Grooming is one aspect of religion that is difficult to regulate in prison.
Image courtesy of Utsman Media via Unsplash.

Personal Grooming is Easier to Regulate

Another way some may practice their religion is through certain personal grooming methods. Personal grooming is one part of prison life that has proven easier to regulate. There has been a series of different cases focusing on the issue. One example of a case involving personal grooming is Hines v. South Carolina Department of Corrections (4th Cir. 1998). This case focused on South Carolina Department of Corrections’ grooming policies. These policies included a beard prohibition. Hines felt that the prison violated his religious rights because he could not grow out his beard as part of religious practice and used the RFRA to sue the facility.
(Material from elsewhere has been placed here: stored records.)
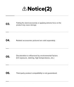 - Gập chân đế quá mức hoặc tác dụng lực quá mạnh vào sản phẩm có thể gây hư hỏng.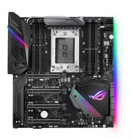ROG ZENITH EXTREME是华硕旗舰级X399主板,集华硕目前最顶尖的硬件技术于一身,包括进阶版的AURA SYNC神光同步技术、创新十足的LiveDash OLED系统仪表盘、ROG DIMM.2扩展插槽、极致的水冷散热方案等等,并附赠ROG AREION 10G万兆网卡,是X399平台极致发烧友们的不二之选。其中,位于I/O防护罩上面的LiveDash OLED系统仪表盘可自定义显示许多信息,包括CPU温度、频率、风扇转速甚至报错信息等主板实时信息,并可显示自定义个人信息,既实用又好玩。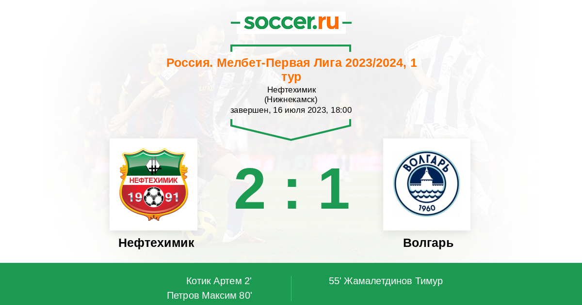 Протокол матча Нефтехимик против Волгарь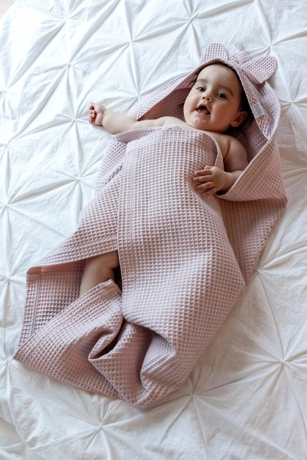 Dieses großzügig bemessene Handtuch wurde mit Sorgfalt aus 100% Bio-Baumwolle mit Waffelmuster gefertigt und eignet sich perfekt für nach dem Baden oder Schwimmen. Der Stoff ist leicht, saugfähig und trocknet schnell und behält diese Eigenschaften auch nach häufigem Waschen. Das Handtuch lässt sich klein verpacken und ist somit ideal für unterwegs. Die Kapuze hält kleine Köpfe warm und die süßen Hasenohren verleihen den alltäglichen Momenten mit Ihrem Baby eine süße Note.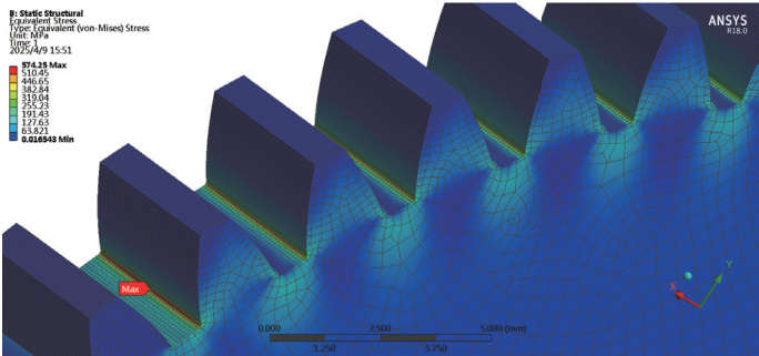 图3 齿根圆角为R0.1 时的应力分布

But, in that case, the Court of Appeals ruled in favor of the Department of Corrections. This is because the court found that the law was neutral and had a compelling interest: safety of incarcerated persons. Some authorities worry that facial hair can be used to hide contraband and weapons.
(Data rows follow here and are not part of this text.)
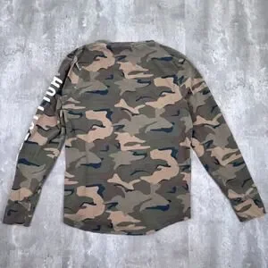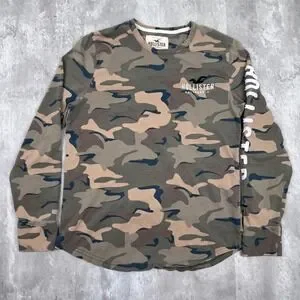 Hollister Camo Long Sleeve Shirt Mens Medium Green Logo Pullover Casual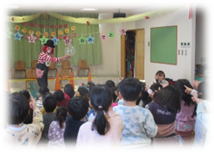 最初は「なにが始まるのかな・・・」と困惑(?)気味な子ども達でしたが、風船やボール、お皿回しのパフォーマンスに引き込まれ、声を上げて楽しんでいました。後ろの方に座っていた年長児は立ち上がって大喜びででした!
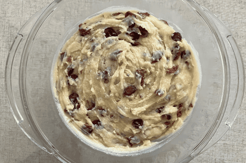 Добавить сливочное масло в тесто и тщательно перемешать.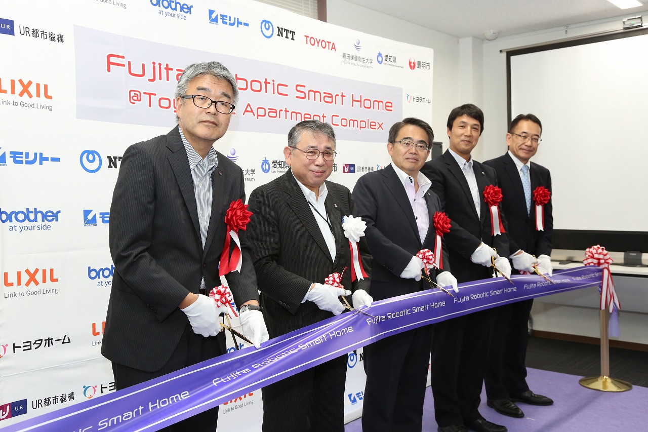 オープニングセレモニーが開催されました Tweet 豊明団地けやきテラス2Fにあるロボティック・スマート・ホームのオープニングセレモニーが開催されました。たくさんの新聞、テレビの取材も入り、改めて注目度の高さが伺えました。今後、住民の皆様への公開も予定しております。乞うご期待ください。 才藤センター長による事業説明 大村知事、小浮市長らによるテープカット トヨタ自動車が開発したハンドロボット 離れていても一緒に体操ができるコミュテレビ

There has been some backlash against certain personal grooming policies. Following the ruling in Hines, another similar case arose in 2019. In the case Smith v. Dozier (2019), a court in Georgia ruled that incarcerated persons can grow their facial hair up to three inches. Smith’s complaint alleged RLUIPA violations. The lawsuit showed that prison regulations around personal grooming for religious practice are something that can change over time.
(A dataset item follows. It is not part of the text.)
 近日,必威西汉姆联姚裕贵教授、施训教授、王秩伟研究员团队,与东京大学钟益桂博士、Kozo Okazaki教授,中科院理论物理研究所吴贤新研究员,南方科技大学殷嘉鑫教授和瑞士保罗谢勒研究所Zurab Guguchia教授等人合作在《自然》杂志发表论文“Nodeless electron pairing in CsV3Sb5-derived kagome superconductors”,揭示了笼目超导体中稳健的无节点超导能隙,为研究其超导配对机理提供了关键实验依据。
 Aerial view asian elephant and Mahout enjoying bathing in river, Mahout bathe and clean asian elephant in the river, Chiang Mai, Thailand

Food and Religion Are More Difficult to Regulate

Courts generally allow incarcerated persons to control how they eat according to their religion. For example, in the case Ford v. McGinnis (2nd Cir. 2003), the court ruled that prisons must provide suitable diets for those with dietary needs for their religious practices. This also includes avoiding foods, like in the case Moorish Science Temple of Amer., Inc. v. Smith (2nd Cir. 1982). In Moorish Science Temple of Amer., Inc., an incarcerated individual claimed that his prison would not allow him to avoid foods that did not align with his Muslim beliefs.

Religious Objects Prohibitions Fall Into a Gray Area

Rules around religious objects, like a Bible or rosary, can be more complicated than other cases, depending on the type of object considered in a case. For example, literature is harder for prisons to regulate. The judge in Sutton v. Rasheed (3rd Cir. 2003) ruled that not allowing incarcerated persons to have religious texts is a violation of their First Amendment rights. Yet, safety and security are considered acceptable reasons to not allow certain objects under certain circumstances.

One example comes from the case Spies v. Voinovich (6th Cir. 1999), which says that certain items can still be prohibited that would be part of a religious practice outside of a prison. Another possible restriction on religious objects comes from the case Frank v. Terrell (5th Cir. 1988). Frank involved objects such as books, a prayer shawl, a kippah and others. The ruling in the case means that prisons do not need to give certain religious objects if someone can get those objects themselves.

Religious items like holy books are part of the protection of religion in prisons.
Image courtesy of Priscilla Du Preez via Unsplash.

Religious Practice Rules in Prisons can be Subject to Change

While there are some limitations to incarcerated persons’ exercise of religion, it is still protected in American prisons. When those rights get taken unfairly, there are ways to file complaints and try to get those rights back. Although RLUIPA’s and RFRA’s rules are explicit, there still is some confusion about how the laws can apply. This is because RLUIPA and RFRA use terms like “substantial burden,” which can be difficult to apply in some cases.

What constitutes a substantial burden on incarcerated person changes over time. Additionally, some cases only go as far as appellate courts. This means that the Supreme Court does not interpret policies in those cases. If the appellate court rules on a particular case, that may be precedent for that state or federal circuit. But, that does not mean it is a permanent or universal decision. Nonetheless, incarcerated people are able to file a lawsuit against their facility under RFRA and RLUIPA provisions.